Description
In this altarpiece, Christ places a crown upon the head of his kneeling mother, the Virgin Mary, an act symbolic of their status as King and Queen of Heaven. The golden circle surrounding the two has been engraved with different designs representing the music of the heavenly spheres (the movement of the planets was believed to produce harmonies that could not be heard by humans). Around the circle is a host of worshiping angels; below are (from left to right) Saints John the Baptist, Augustine, his mother Monica, and Nicholas of Bari. At the bottom of the panel two angels adore a painted tabernacle depicting the Crucifixion. This section was cut and hinged to provide a recess in the altarpiece that may have housed the consecrated Host for use in the Mass.
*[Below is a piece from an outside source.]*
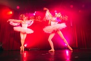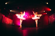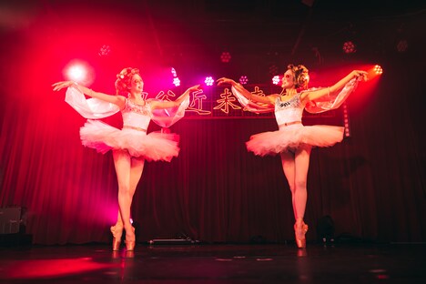 休憩のあとに始まったのは「妖精さんの素敵なダンスショー」。妖精さんとは、本イベントのキービジュアルに描かれた作中の歓楽街・小姐路(シウジェロード)のスターだ。スターダンサーズバレエ団のバレリーナ2人がこの妖精さんを演じ、華麗なダンスで観客を魅了。ゲーム内の妖精さんに扮したメイク、ゲームキャラクターと同じ振付を取り入れたバレリーナのパフォーマンスに、「かわいいー」と黄色い歓声が飛び交う場面もあり、場内は大きく盛り上がった。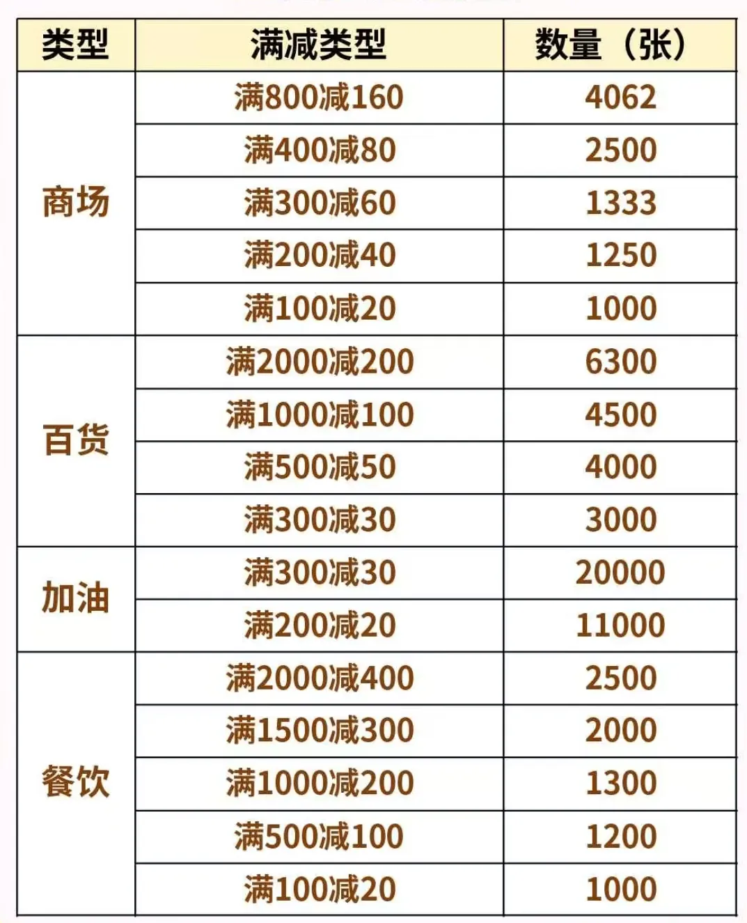 满100元减20元、满200元减40元、满300元减60元、满400元减80元、满800元减160元,满足市民日常采买和年货囤货需求。

Neri di Bicci operated one of the most successful workshops in Renaissance Florence. He inherited his enterprise from his father, Bicci di Lorenzo (1373-1452), and grandfather, Lorenzo di Bicci (ca. 1350-1427), and recorded all of the workshop’s activities in a diary called the “Ricordanze.” This diary miraculously survives for the years between 1453 and 1475 and provides a remarkable glimpse into the world of a typical Renaissance workshop. Since this painting is not mentioned in the diary it presumably dates after 1475. The composition is close to another "Coronation of the Virgin" by artist in the church of San Giovannino dei Cavalieri in Florence, documented to 1488.